136 lines (100 loc) · 4.83 KB

Tag, don't type

The problem

I'm not a fan of Haskell's ability to introduce type synonyms: too often are they used instead of actual new data types in order to introduce abstraction. A type is a label we assign to values in order to know (and let the compiler know) which operations can act on it, and type synonyms violate that very principle.

It took me a long time until I realized that any type in GHC with "type" in its name is likely literally a synonym for Type. This phenomenon allows many layers of indirection, which hides the place one might find documentation about what the type represents behind one of the many layers, making you play the "find the Haddock comment" game.

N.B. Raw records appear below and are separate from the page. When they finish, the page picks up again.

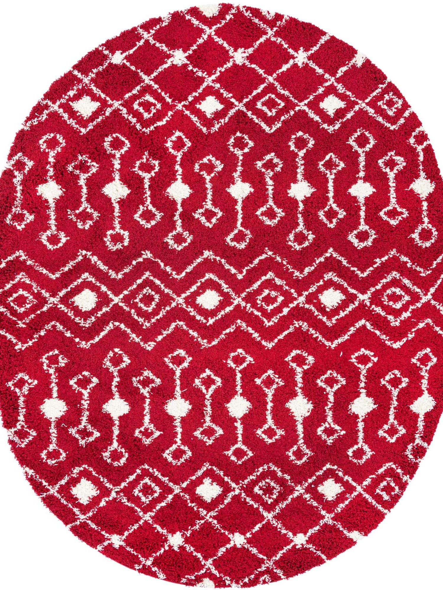 Burgundy Red 7' 10 x 10' Moroccan Trellis Shag Oval Area Rug Thick Soft Touch Fluffy & Plush Shaggy Pile
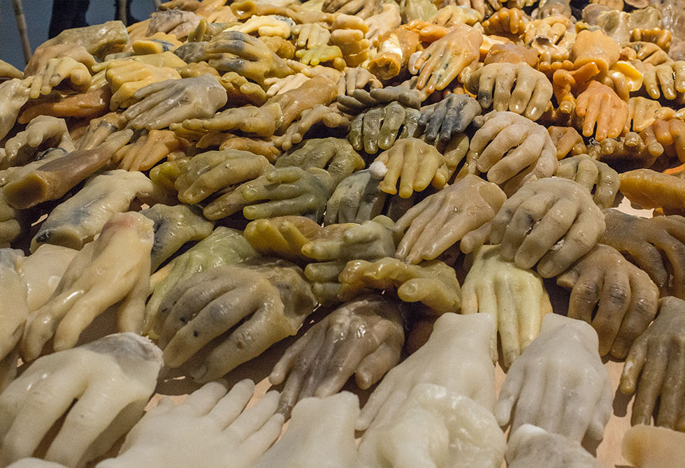 “Como habían accidentes de trabajo o cirugías producto de las enfermedades colaterales del trabajo, entonces hice todo un proceso con confeccionistas y con mi propia mano”, aseguró la artista, quien imprimó las formas de las manos en moldes de silicona de alta definición. Las manos de la muestra representan 5 posturas constantes al manipular textiles y cada una es hecha con un tipo de cera distinto, lo que le otorga cartacterísticas particulares a cada mano.
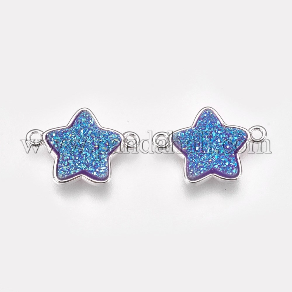 Resin Imitation Druzy Crystal Links/Connectors, with Brass Findings, Star, Platinum, DodgerBlueSize: about 21mm wide, 15mm long, 4~5mm thick, hole: 1mm.
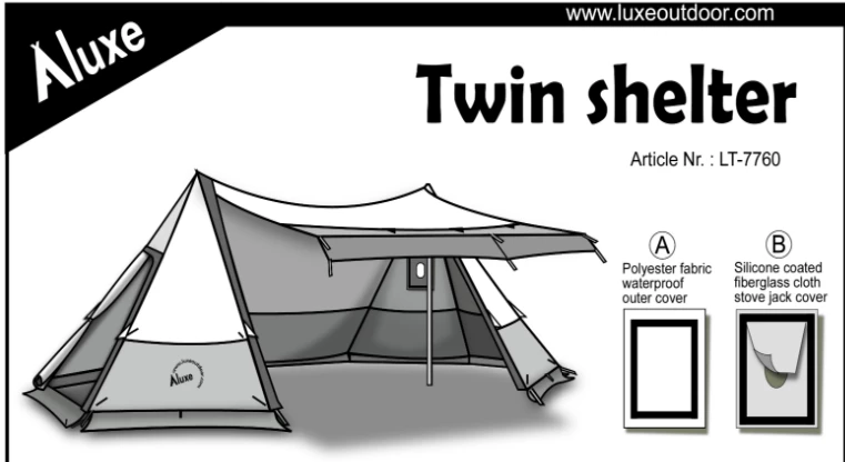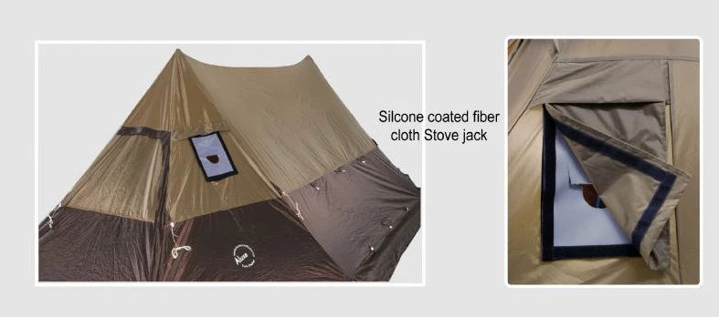 On one end, the Luxe Twin Shelter is equipped with a closeable stove jack, to be able to install the pipe of a portable wood stove. There are two vents are placed over the doors, to manage the airflow and allow for easy regulation of the warmth within the tent.
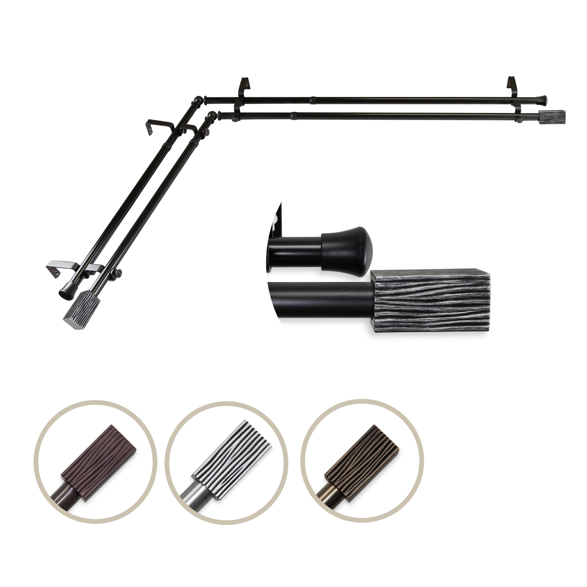 Includes four 13/16" diameter adjustable poles, one pair of decorative finials, one pair of end caps, two corner connectors, brackets, and mounting hardware
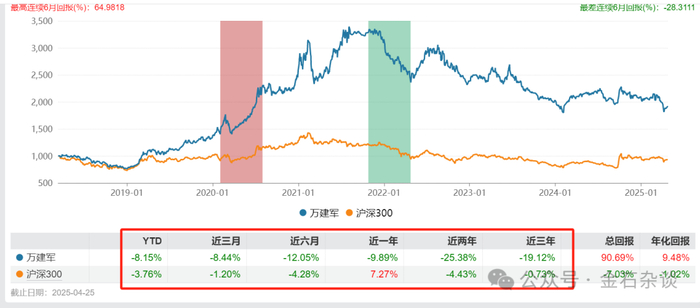 根据wind数据,万建军近三年亏损19%,近两年亏损超25%,近1年大跌10%,近6个月跌12%,近3个月跌8.44%,全部跑输基准指数。
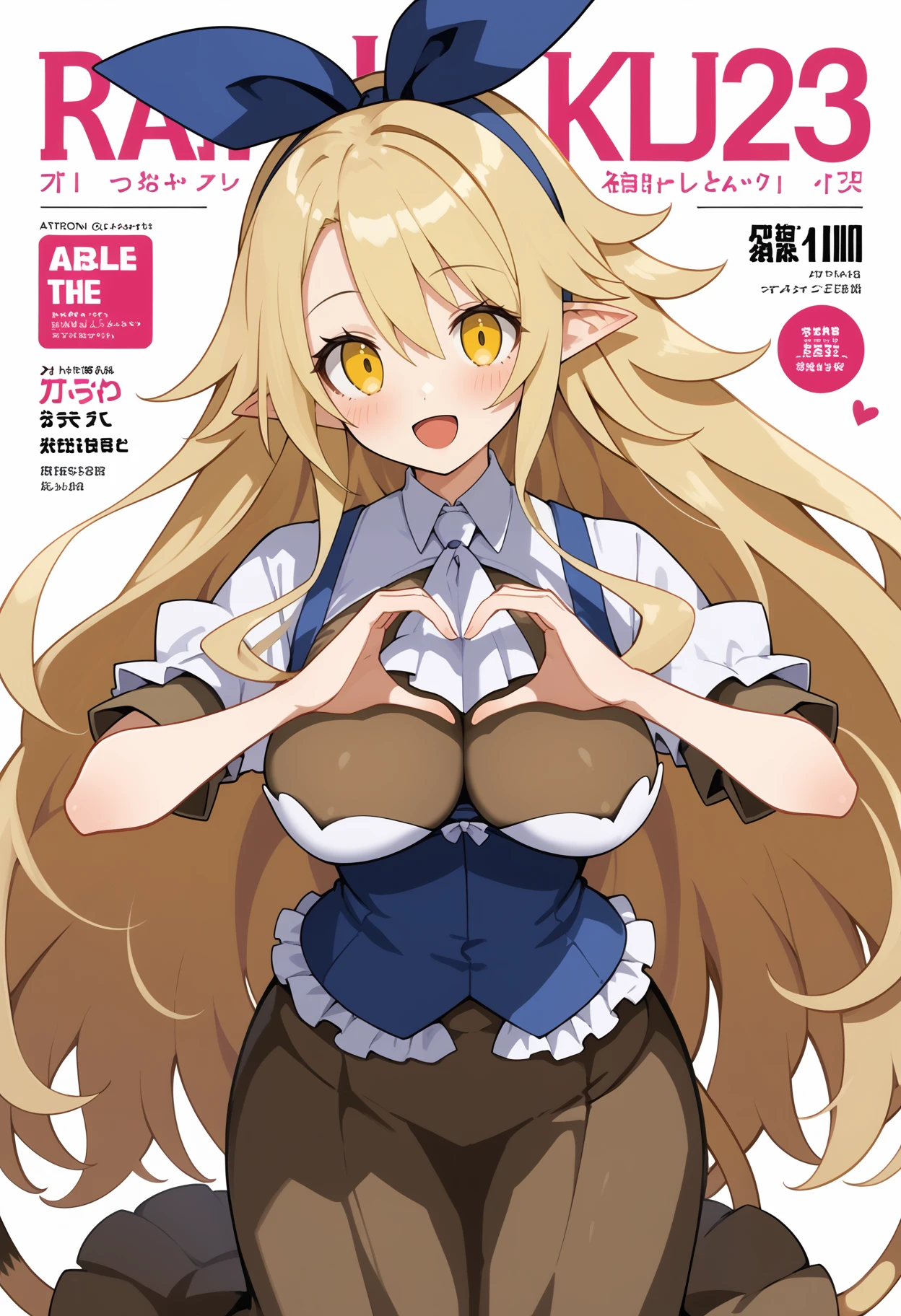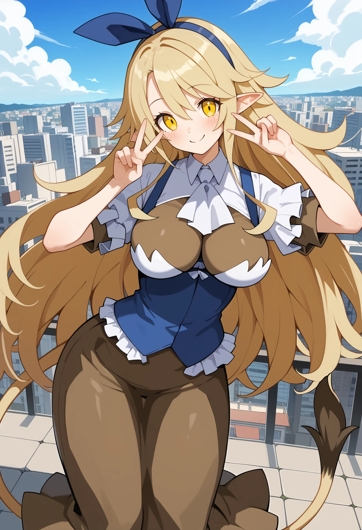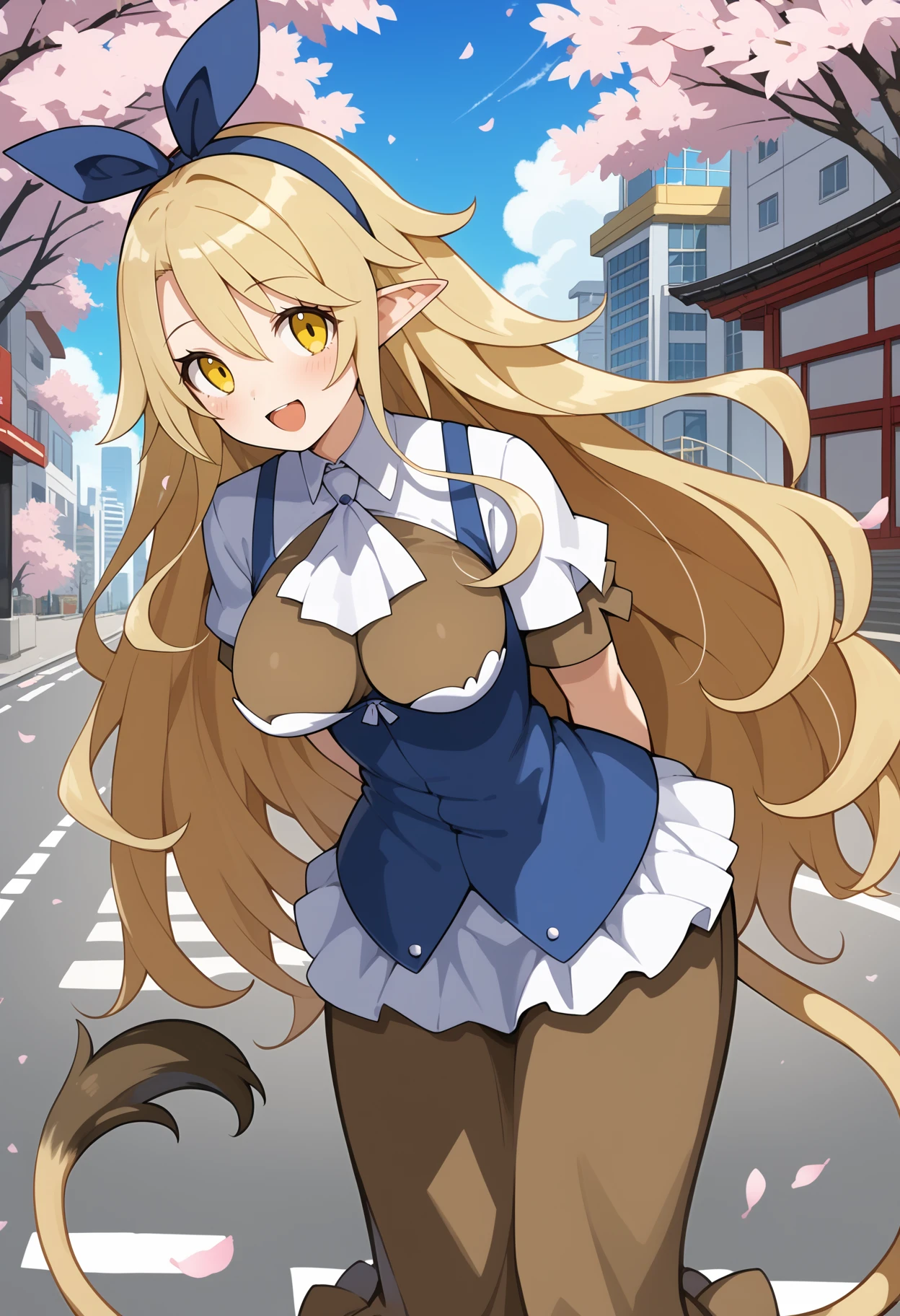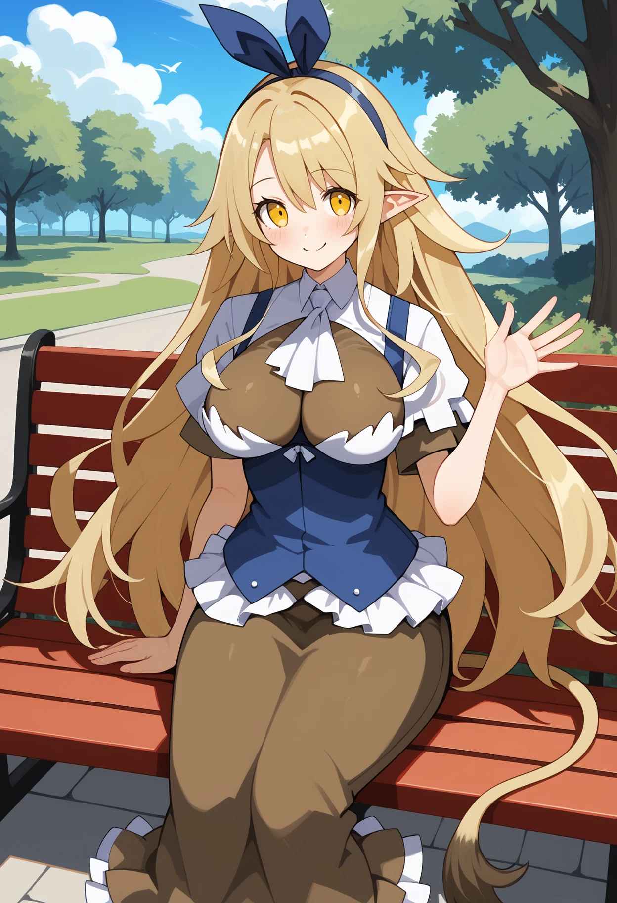 aalieze, long hair, blonde hair, hairband, hair ribbon, yellow eyes, pointy ears, large breasts, tail, white ascot, underbust, brown shirt, white shirt, blue vest, short sleeves, long skirt, brown skirt
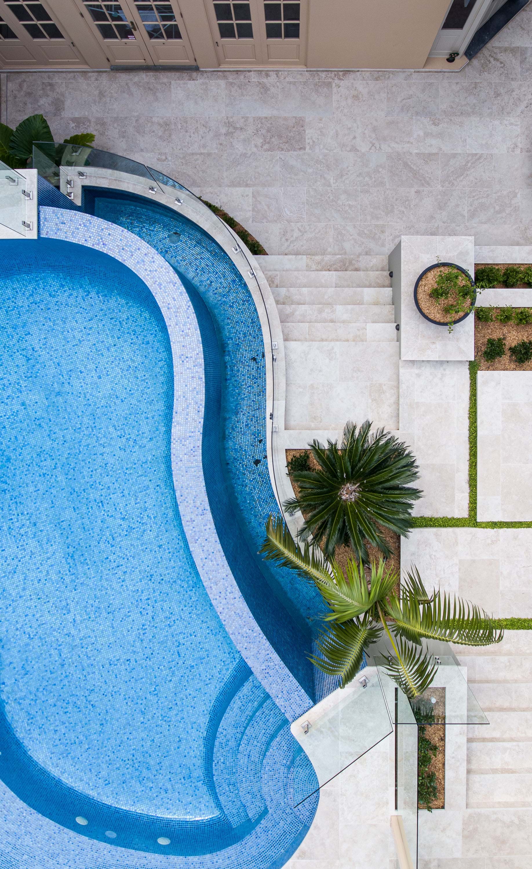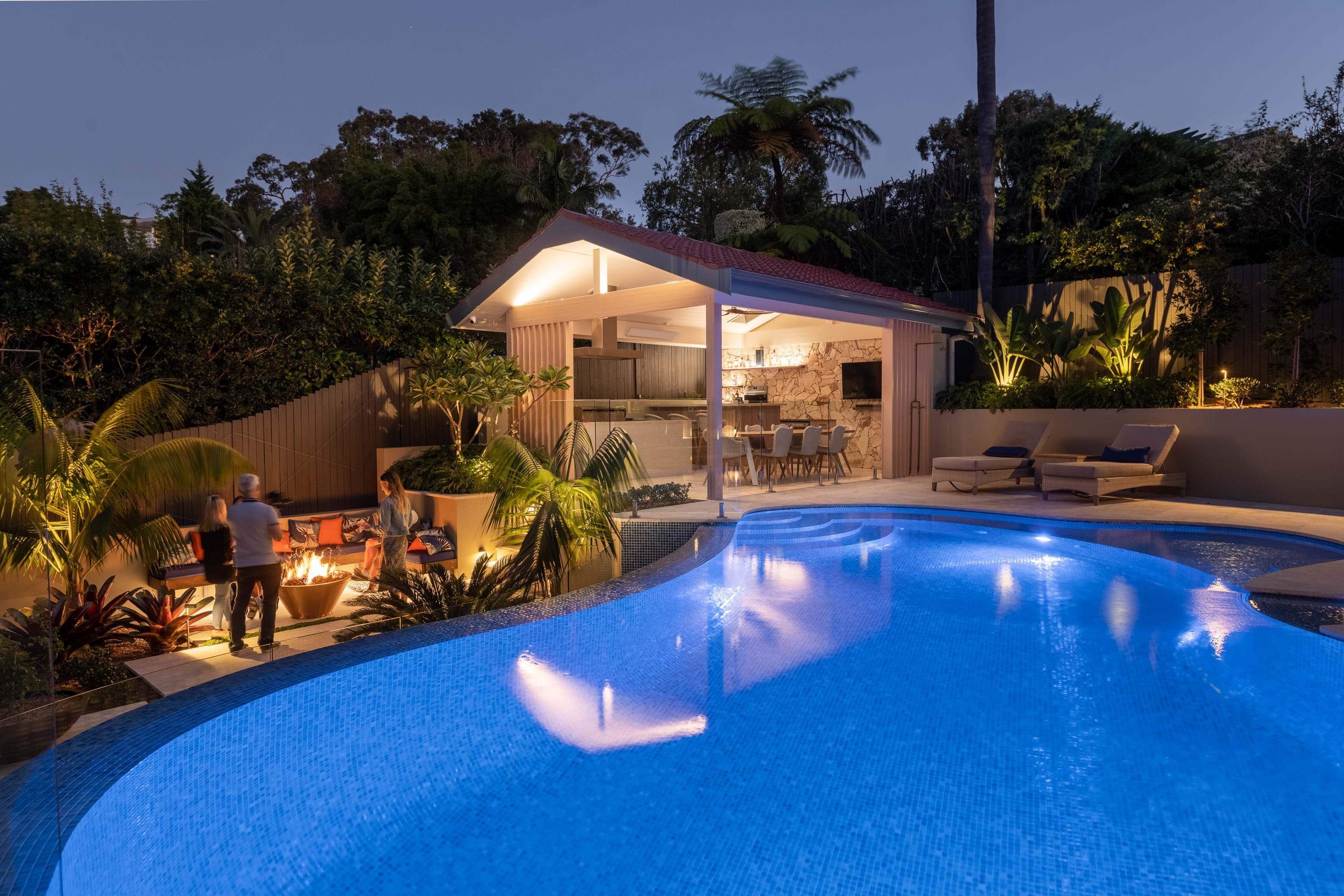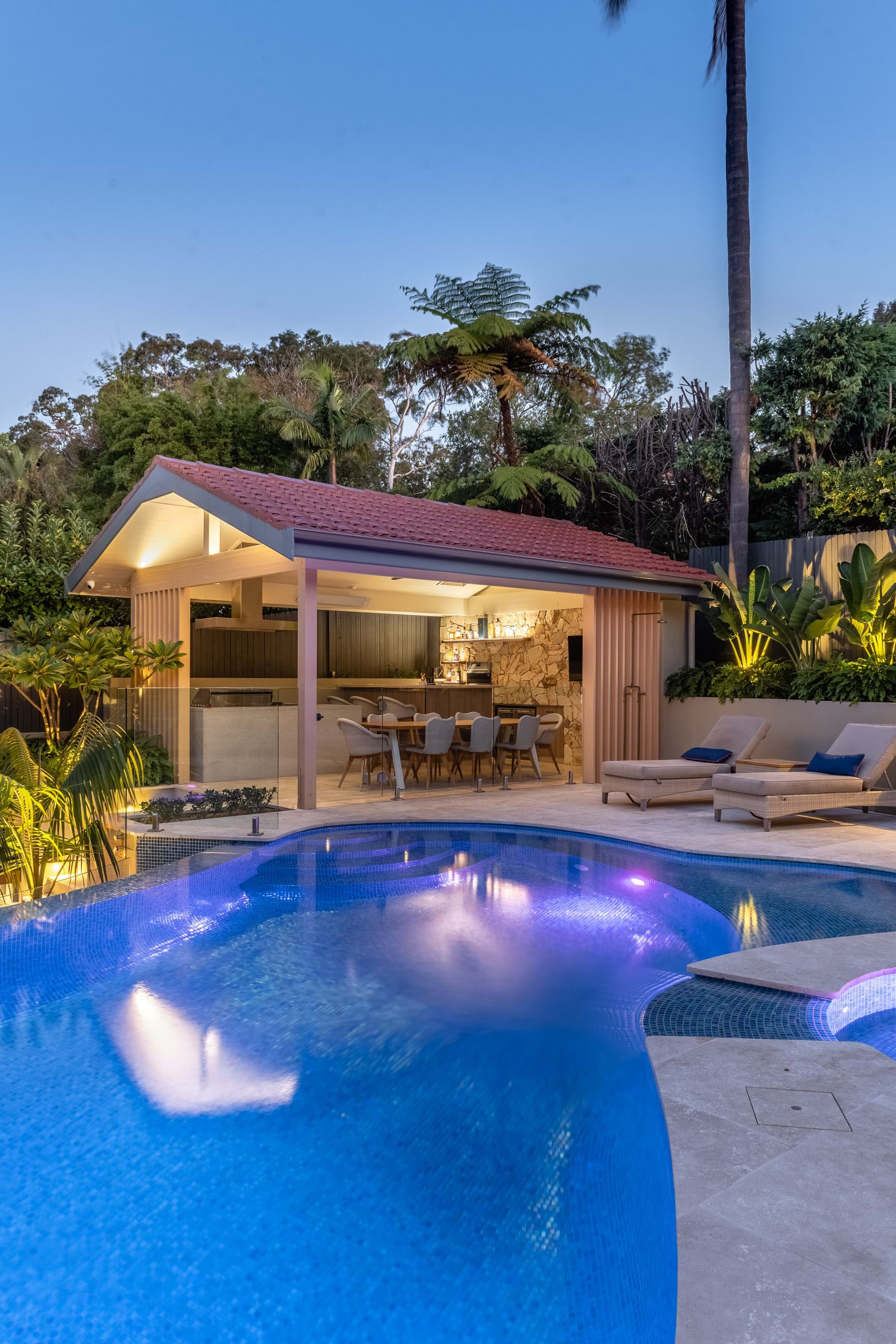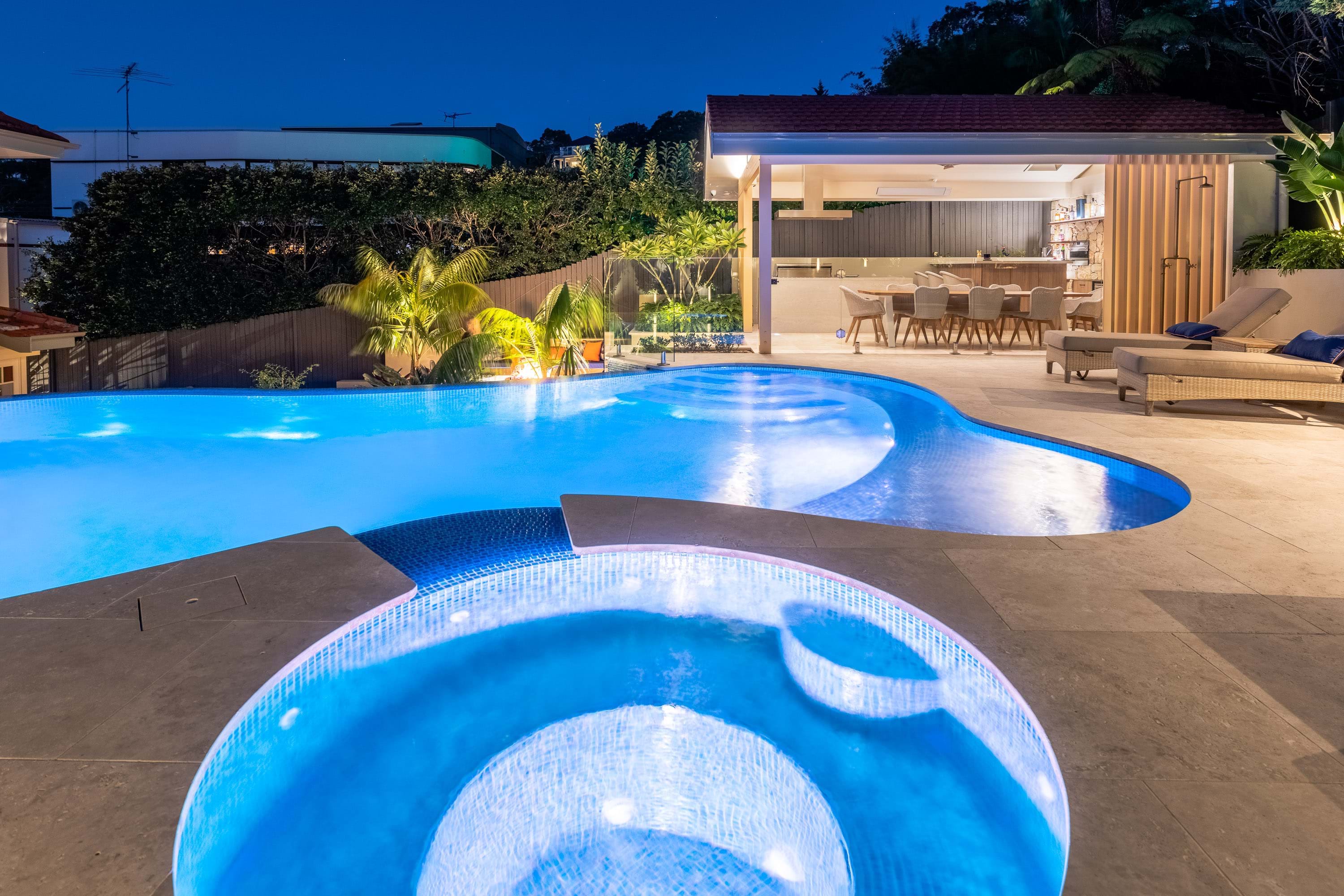 This design added a whole new level of opulence and relaxation to this property. Removing the lip from the pool creating a spill-over infinity edge was a bold move that instantly activated the connection between the house and backyard. A series of resort-style outdoor rooms mediate the considerable level change across the site with generous proportions which suit the scale of the home.

But type synonyms are at their worst when it comes to their use to encode different invariants of a data type. GHC has types with invariants similar to "after phase X, there are no Nothings left", and encodes this fact via giving the temporally different values different type labels. This is terrible, since the typechecker offers no help at all in this scenario: it will happily "convert" between values that mean entirely different things. This is, in essence, a dynamic type system, where the user has to know what values are legitimate.

To summarize:

  1. type hides the contained data from the programmer's eyes
  2. type can introduce many layers of indirection, scattering documentation and actual data constructors
  3. Invariants encoded in type are completely invisible to the compiler, and by extension to the inexperienced (as in new to a codebase) user as well

A possible solution

We can solve some of the above problems with a well-known type:

newtype Tagged t a = Tagged { unTagged :: a }

On Hackage, this is available in the tagged package.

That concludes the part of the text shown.